Five out of Five stars
Running time: 93 mins

Austrian actor Karl Markovics's directorial debut about a young offender boasts dark humour, imaginative cinematography and a great performance from its non-professional lead, making it no surprise that it picked up the best film award at Directors' Fortnight in Cannes last year.

What’s it all about?
“Not your first corpse, is it?” guesses Roman's co-worker at Vienna's state mortuary. Handling and transporting dead bodies is the nineteen year old's first job and first taste of the real world after four years of juvenile detention. Keeping his film close to Roman, Markovics builds a convincing and heartfelt portrait of this damaged, lonely soul.
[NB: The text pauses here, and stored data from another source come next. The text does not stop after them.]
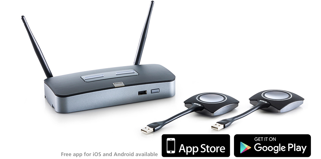 Our ClickShare CSM-1 Mini set consists of up to 5 USB powered devices (the ClickShare Buttons) and a Base Unit. The Base Unit has a fixed connection to the meeting rooms visualization system, and takes care of all the needed processing. Users who want to get their presentation on the large meeting room screen, simply connect a Button to their PC or MAC. They start the application, click the ClickShare Button and immediately their desktop is wirelessly transferred to the large visualization system. Whats more, CSM-1 Mini does not interfere with your laptops resolution, and automatically displays The screen content in the most optimal way.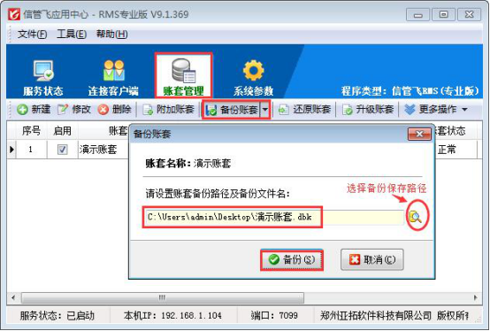 ????打開(kāi)“信管飛RMS應(yīng)用中心”,在應(yīng)用中心主界面中點(diǎn)擊“賬套管理”進(jìn)入賬套管理界面,選中我們需要備份的賬套,點(diǎn)擊“備份賬套”按鈕,可以彈出備份賬套的對(duì)話框,在此我們可以設(shè)置備份出來(lái)的賬套備份文件存放路徑實(shí)現(xiàn)對(duì)賬套的備份操作,如下圖所示。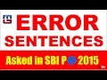 Errors Sentences always seem challenging because every other question has some new error. In this video tutorial ,we are going to tell you Error Sentences that have been asked in SBI PO 2015.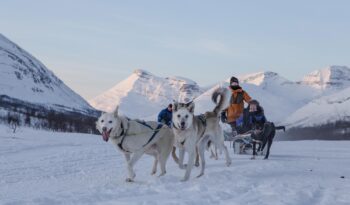 Your Cabin Overnight adventure will begin with a 1,5-hour bus ride from Tromsø to the remote Tamok valley. Our camp been exclusively built as wilderness camp for Lyngsfjord Adventure, presenting a fair balance between authenticity and comfort. It exists of traditional and rustic Northern Norwegian buildings: several lavvus, timber cabins and Arctic glamping tents, complemented with toilet facilities, a husky kennel and reindeer camp.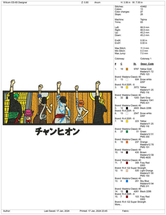 Archivos de diseño de bordado de Roronoa Zoro - 3 tamaños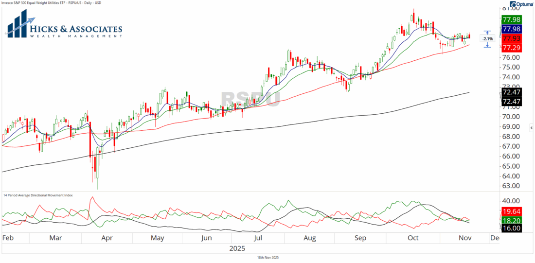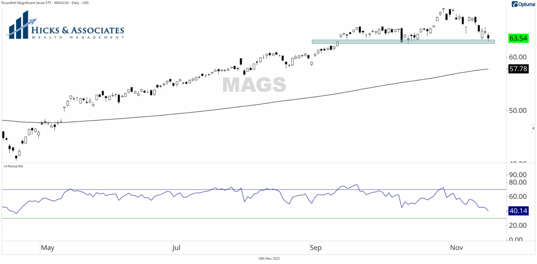 The first chart for today is MAGS, an equal-weight ETF that offers exposure to those top 7 stocks commonly referred to as the Magnificent 7. Considering the fact that ~50% of the S&P 500 is currently below their own 200-day moving average, we can say that ~50% of the S&P 500 is in a negative trend. Since the Mag7 has had such an outsized influence on the S&P 500’s performance, the support zone that I’ve highlighted on the chart really needs to hold. Unfortunately, RSI is not showing that it is “oversold” just yet.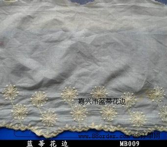 我公司主營的花邊品種有純棉花邊,蕾絲花邊,蕾絲花邊面料,水溶繡花,網(wǎng)布、棉布繡花,盤帶花邊,手工鉤花以及領(lǐng)花等,花邊花型可根據(jù)客戶來樣訂做。產(chǎn)品適用于女式時裝、童裝、內(nèi)衣、睡衣、家紡、家居服飾等。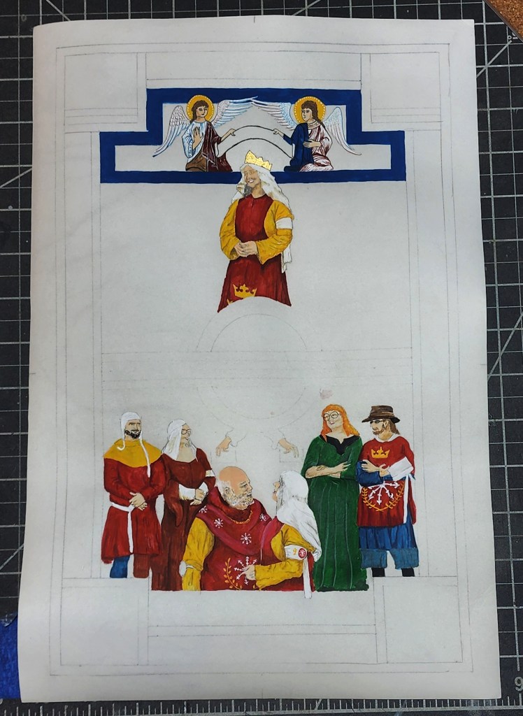 Style is combined technique – Base inspiration from Gospels of Henry the Lion, c 1173 with portrait work being done in later period more realistic-style. Directive for request was recipient is “12th Century with fondness for portrait work.” Given that, choice made for primary portraitures being realistic style – using images of Recipent, Champion, Heirs, Herald and Reign Seneschal.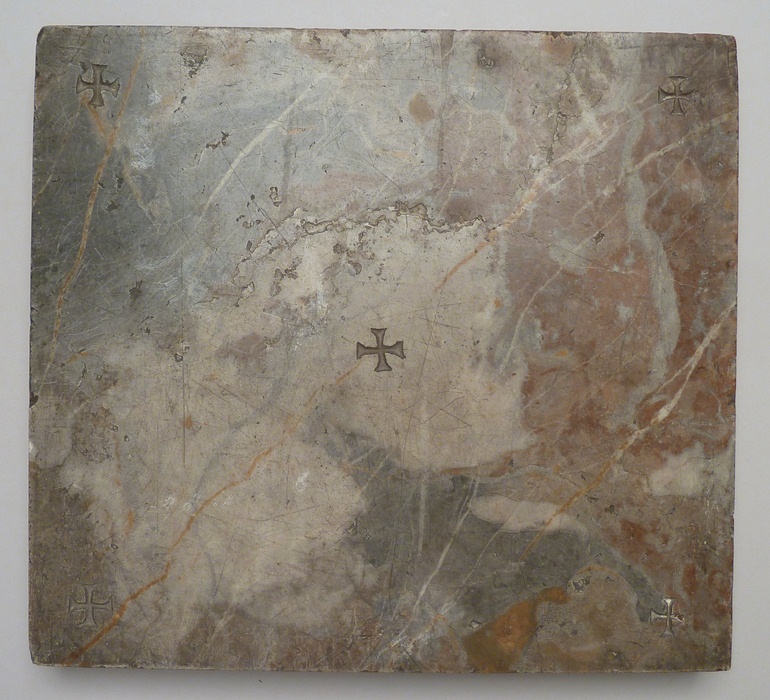 Altaarsteen met vijf kruisjes, van gekleurd geaderd marmer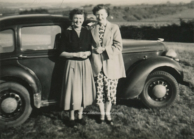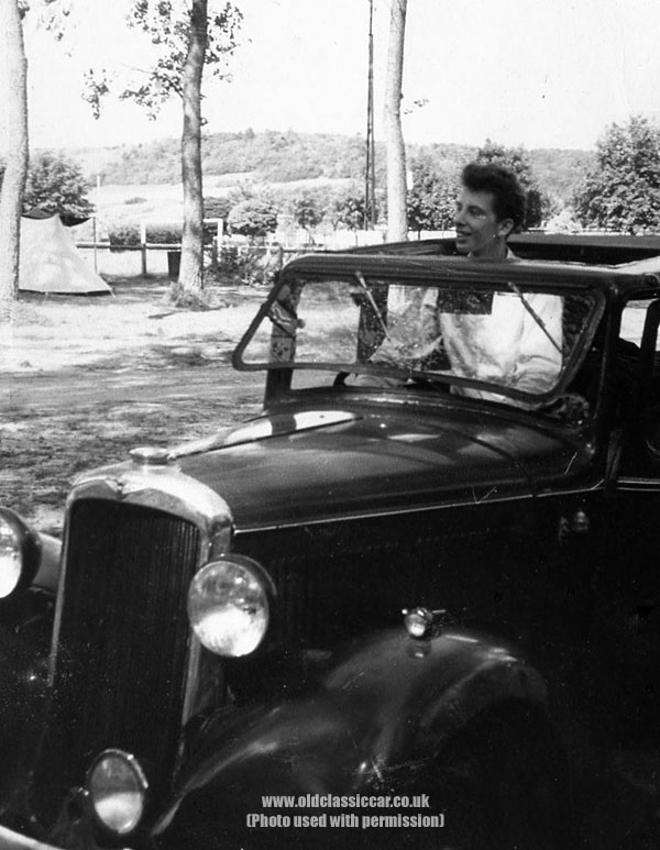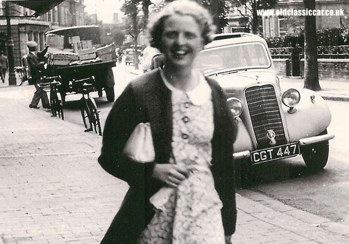 This photograph, sent over by Chris, shows his mother-in-law stood next to her light-coloured car. Members of the oldclassiccar forum identified the car as a c1936 Hillman Minx. Chris agreed to me putting the photo on the main site, so I thought this page would be the best place to put it, so that comparisons can be made with the black example of a 30s Hillman shown higher up this page.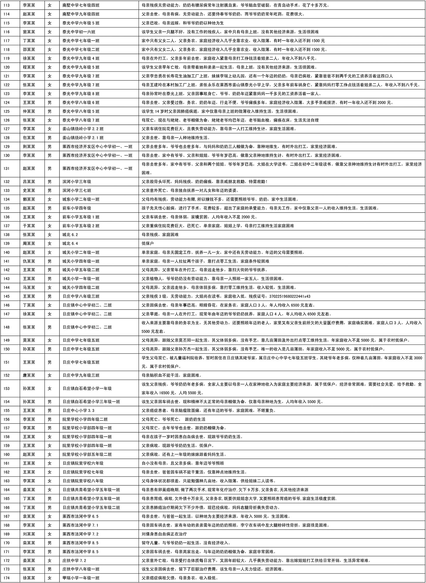 莱西市2016年度爱心助学部分帮扶对象名单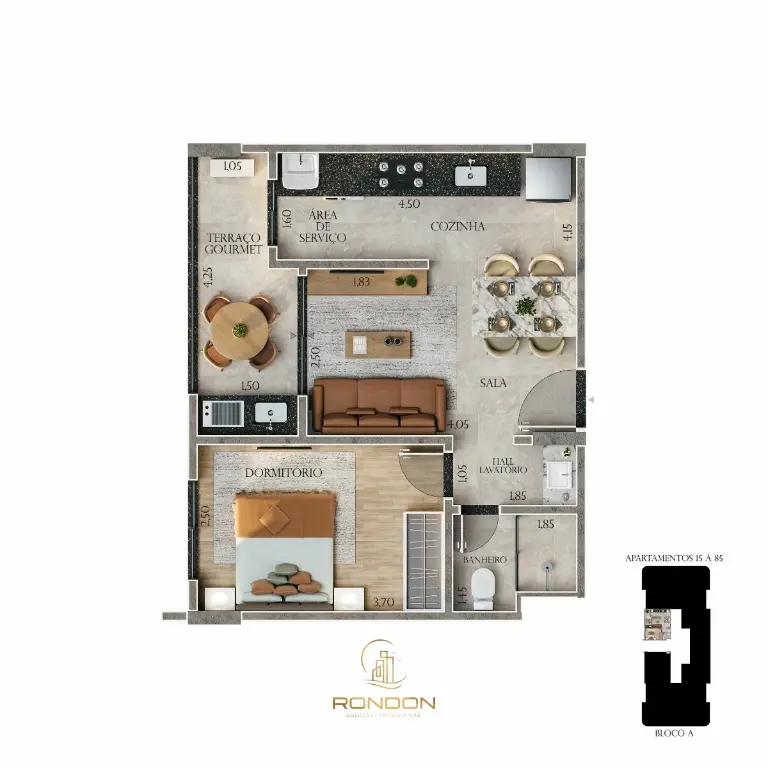 Os apartamentos foram pensados para aproveitar cada espaço com inteligência: 1 dormitório, banheiro, sala de estar integrada à sala de jantar, cozinha, área de serviço e um terraço gourmet que convida para momentos de pausa e conexão. Cada unidade conta também com vaga de garagem.
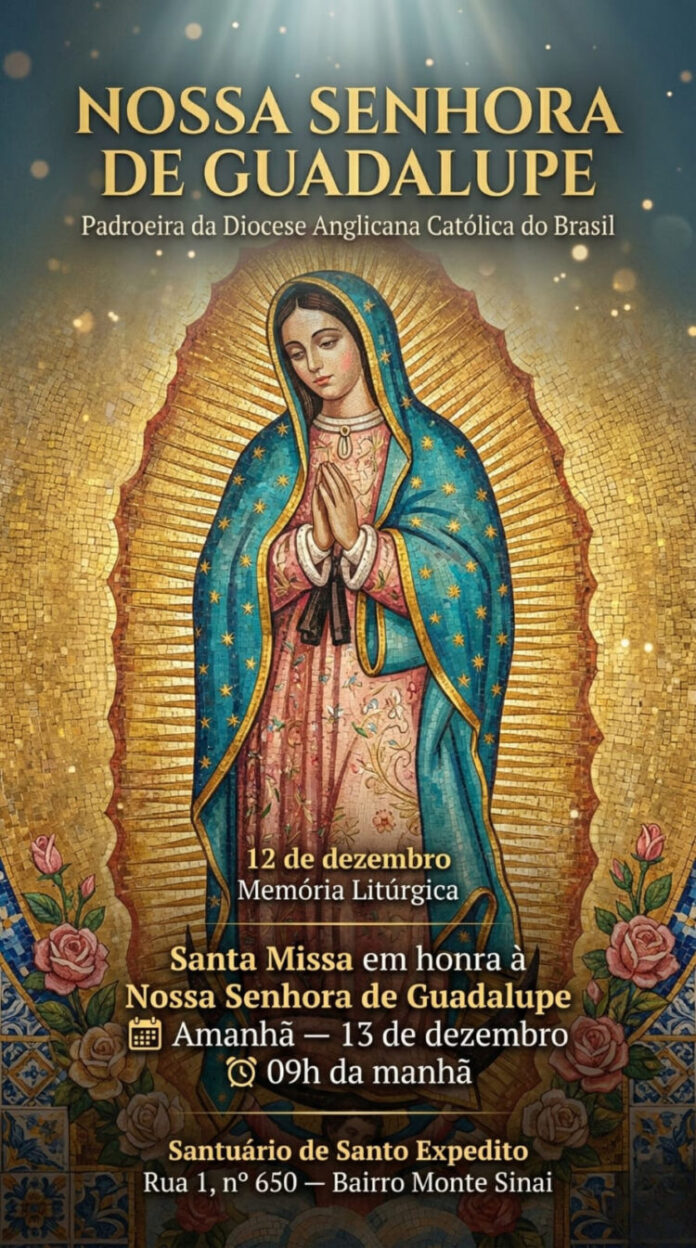 Desde 2004, sob o seu olhar sereno e firme, a Diocese caminha. Erra, aprende, cresce, evangeliza e resiste. Como toda obra que nasce de Deus, não é perfeita — mas é viva. E Guadalupe permanece ali, como Mãe, intercessora e sinal de que a fé latino-americana não é frágil: é resiliente, é profunda, é santa.Nossa Senhora de Guadalupe, Padroeira da América Latina e Padroeira da Diocese Anglicana Católica do Brasil, segue nos lembrando, dia após dia, que Deus escolheu habitar no meio do seu povo. E isso muda tudo.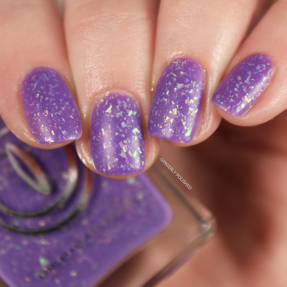 The name ‘Raawr’ gives me war flashbacks to Tumblr circa about 2011 – you all know what I’m talking about. This polish is a medium, warm-toned purple base filled with more of those iridescent shifty flakies.

Roman, whose parole is approaching, tries to come to terms with his past as he tracks down the mother who abandoned him, but also attempts to readjust to life outside and carve out a future for himself.

The Good
Roman is presented as a bruised and solitary creature, but there is a question mark hanging over his past, ensuring that the audience observe and sympathise with the protagonist (while those around Roman either ignore or condemn him) before filling in any details. Although at times the film can lean a little too heavily on metaphor, its title imaginatively finds its way into many a scene from air bubbles in the swimming pool, where Roman finds the nearest thing to solace underwater, to the rigid lifeless bodies he transports during the day, each of which serves as a stark reminder of his actions in the past.

The Great
The urban setting of Vienna's backwaters, from anonymous streets and underground stations to the corridors of the mortuary, is sketched with due care and attention. From the detail with which Markovics shows everyday life in the detention centre, it's evident that a lot of research went into the film (and indeed he even managed the near impossible feat of gaining access to an actual juvenile detention facility and its inhabitants). But it is Thomas Schubert's turn as Roman that is the stand out feature of the film; everything from his boyish face and vacant stare to his withdrawn body language is entirely convincing.

Worth Seeing?
Austrian actor Karl Markovics makes an incredibly assured debut, and Markovics knows when silence counts, having coaxed a fantastic, nuanced performance out of his non-professional lead.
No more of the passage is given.